What is Sequence Data ?

3 points by krtab


krtab

This may be bordering non-topicality but the PhD thesis as a whole is about bio informatics, and I felt it made sense to have the first chapter title as a self sufficient post that linking to the PhD as a whole.

madhadron

This thesis seems to miss the point of what they call homopolymer compression (I never heard the name, but I independently developed the technique like many others). Homopolymer compression is a terrible idea. The reason we all did it is because our sequence alignment algorithms were all designed based on the error model of Sanger sequencing. In Sanger sequencing, your errors are primarily misreading a base, and occasionally missing a base or inserting an extra one, but those are much rarer. In nextgen sequencers like from 454 or NanoPore your main error mode is miscounting the number of a particular base that appears. If you have one A, you might read one, and somewhat less likely two, and less likely yet three...if the actual sequence is AAA you have a distribution of around 3 of the number you get in a read. The right way to handle this is to use an alignment algorithm that is adapted to this error mode.
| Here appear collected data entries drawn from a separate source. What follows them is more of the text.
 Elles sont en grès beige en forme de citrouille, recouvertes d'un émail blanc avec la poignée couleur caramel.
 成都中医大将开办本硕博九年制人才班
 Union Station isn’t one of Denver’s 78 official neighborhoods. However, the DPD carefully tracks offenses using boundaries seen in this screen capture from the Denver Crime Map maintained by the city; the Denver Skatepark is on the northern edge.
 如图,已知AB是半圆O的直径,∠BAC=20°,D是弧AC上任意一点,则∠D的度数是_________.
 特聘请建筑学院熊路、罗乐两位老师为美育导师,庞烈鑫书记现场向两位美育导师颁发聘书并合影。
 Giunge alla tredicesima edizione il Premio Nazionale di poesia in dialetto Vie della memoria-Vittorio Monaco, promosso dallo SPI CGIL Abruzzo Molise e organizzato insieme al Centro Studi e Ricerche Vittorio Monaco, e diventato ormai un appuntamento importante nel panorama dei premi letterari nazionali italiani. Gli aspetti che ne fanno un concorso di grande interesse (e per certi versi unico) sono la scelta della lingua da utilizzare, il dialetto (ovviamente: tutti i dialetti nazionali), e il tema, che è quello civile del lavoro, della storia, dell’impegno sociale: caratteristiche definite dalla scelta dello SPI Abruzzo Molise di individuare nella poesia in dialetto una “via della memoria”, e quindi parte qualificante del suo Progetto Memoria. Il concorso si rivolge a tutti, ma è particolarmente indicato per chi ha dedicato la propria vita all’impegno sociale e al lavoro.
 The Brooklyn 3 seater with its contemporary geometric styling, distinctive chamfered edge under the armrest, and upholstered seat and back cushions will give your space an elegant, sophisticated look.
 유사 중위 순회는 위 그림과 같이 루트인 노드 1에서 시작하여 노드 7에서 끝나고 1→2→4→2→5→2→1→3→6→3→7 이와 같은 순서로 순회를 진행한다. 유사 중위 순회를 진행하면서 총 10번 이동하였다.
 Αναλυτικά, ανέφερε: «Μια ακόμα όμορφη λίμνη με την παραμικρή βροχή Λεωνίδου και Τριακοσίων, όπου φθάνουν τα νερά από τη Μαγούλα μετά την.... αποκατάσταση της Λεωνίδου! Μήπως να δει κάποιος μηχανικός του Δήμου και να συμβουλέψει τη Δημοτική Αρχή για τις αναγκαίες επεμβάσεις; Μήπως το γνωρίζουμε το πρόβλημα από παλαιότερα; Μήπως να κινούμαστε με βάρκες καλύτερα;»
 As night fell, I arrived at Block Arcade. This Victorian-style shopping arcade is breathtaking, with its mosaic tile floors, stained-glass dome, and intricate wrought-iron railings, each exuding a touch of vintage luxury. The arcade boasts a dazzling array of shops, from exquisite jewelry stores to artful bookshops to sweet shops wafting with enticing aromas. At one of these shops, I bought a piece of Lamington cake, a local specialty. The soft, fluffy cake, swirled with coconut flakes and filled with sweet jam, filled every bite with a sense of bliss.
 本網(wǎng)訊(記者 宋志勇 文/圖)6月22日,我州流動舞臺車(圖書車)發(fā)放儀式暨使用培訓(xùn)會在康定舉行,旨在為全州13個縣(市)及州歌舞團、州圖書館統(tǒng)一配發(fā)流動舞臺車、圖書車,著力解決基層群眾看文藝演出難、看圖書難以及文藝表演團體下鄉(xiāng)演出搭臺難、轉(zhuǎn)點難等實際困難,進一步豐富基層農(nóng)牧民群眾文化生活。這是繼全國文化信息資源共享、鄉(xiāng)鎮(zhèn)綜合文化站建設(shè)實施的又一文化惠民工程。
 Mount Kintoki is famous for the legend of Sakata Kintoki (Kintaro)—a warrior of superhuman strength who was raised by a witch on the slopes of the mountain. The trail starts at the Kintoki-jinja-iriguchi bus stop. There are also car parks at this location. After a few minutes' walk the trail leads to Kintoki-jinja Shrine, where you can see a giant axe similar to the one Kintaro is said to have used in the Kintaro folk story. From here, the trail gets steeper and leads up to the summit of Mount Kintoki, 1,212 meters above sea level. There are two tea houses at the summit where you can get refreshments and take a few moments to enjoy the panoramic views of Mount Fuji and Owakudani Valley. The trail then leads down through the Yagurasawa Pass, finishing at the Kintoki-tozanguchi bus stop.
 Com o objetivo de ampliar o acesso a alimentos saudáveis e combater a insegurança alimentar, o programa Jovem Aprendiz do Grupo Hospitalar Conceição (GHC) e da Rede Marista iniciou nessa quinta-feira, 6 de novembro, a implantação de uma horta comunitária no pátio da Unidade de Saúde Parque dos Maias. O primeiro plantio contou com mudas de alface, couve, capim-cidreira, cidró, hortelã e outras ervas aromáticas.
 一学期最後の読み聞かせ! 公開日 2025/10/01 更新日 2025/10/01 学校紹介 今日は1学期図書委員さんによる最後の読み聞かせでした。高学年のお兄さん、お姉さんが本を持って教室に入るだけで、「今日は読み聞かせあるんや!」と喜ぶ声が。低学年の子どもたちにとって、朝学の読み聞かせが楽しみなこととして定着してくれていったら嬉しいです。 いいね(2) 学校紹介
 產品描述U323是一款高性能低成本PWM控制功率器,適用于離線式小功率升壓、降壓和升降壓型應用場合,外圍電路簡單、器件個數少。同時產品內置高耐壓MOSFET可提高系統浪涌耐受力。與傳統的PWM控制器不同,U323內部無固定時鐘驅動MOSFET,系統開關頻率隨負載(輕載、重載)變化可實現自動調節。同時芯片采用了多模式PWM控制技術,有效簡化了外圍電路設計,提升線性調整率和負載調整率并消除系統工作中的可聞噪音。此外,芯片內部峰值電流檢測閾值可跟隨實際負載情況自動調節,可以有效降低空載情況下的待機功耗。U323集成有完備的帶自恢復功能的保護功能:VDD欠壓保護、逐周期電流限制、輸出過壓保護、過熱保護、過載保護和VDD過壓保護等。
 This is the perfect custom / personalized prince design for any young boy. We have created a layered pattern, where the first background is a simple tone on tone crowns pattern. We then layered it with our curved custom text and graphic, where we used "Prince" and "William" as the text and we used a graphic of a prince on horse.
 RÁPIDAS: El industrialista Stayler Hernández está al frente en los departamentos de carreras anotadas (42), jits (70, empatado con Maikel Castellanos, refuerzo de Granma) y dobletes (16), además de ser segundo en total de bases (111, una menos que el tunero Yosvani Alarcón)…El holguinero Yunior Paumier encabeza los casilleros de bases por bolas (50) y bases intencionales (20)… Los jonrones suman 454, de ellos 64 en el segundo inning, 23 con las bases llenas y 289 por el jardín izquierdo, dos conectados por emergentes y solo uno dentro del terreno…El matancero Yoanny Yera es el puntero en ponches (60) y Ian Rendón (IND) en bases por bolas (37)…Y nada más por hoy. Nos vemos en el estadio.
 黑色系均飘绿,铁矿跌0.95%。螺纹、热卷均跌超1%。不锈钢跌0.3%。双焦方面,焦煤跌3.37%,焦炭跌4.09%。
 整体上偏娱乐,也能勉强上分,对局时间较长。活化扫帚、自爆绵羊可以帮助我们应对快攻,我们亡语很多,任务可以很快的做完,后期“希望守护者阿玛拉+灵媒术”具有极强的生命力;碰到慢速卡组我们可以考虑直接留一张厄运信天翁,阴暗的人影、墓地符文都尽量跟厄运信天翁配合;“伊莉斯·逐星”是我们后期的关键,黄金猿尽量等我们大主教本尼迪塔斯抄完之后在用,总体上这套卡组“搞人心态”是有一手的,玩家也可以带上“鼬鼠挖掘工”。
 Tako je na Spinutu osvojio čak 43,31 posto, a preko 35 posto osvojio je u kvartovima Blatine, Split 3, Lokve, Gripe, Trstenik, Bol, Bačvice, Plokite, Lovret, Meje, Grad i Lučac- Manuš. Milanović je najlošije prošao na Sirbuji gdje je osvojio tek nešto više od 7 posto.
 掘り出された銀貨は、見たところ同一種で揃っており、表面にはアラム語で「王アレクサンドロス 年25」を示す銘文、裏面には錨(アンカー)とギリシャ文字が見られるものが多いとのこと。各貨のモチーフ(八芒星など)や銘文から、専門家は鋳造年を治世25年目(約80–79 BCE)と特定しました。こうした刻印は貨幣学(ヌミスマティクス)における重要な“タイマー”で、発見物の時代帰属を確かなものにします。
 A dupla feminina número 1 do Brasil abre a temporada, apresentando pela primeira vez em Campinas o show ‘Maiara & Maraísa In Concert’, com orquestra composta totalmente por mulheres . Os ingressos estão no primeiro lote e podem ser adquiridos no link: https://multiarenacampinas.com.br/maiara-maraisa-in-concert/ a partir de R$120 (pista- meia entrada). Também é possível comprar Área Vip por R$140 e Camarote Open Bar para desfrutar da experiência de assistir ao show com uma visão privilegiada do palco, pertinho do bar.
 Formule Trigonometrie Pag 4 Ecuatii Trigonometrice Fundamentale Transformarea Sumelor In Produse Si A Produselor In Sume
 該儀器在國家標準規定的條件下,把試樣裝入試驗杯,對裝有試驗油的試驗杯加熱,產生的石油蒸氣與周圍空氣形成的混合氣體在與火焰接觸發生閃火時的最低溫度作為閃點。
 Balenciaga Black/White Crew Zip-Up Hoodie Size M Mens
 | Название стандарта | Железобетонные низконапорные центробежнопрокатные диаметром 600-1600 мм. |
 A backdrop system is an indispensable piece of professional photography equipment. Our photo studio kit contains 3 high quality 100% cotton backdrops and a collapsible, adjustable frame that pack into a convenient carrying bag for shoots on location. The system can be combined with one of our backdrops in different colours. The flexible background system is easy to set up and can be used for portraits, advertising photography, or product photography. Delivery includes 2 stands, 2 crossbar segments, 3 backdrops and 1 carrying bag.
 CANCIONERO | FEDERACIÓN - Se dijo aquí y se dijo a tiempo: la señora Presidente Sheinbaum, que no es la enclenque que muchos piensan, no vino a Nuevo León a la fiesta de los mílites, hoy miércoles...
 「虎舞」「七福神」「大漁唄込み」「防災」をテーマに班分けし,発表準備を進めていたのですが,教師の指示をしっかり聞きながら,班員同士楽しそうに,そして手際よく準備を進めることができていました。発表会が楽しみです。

Unfortunately, alignment algorithms are distributed as black box command line tools that are painful to mess with, so, to get work done right now, you do "homopolymer compression" which brings the error model much closer to Sanger sequencing at the cost of throwing away information. If I were still in the field, what I would want is not slightly better ways to throw away data, but an alignment algorithm that is adapted to the different error regime.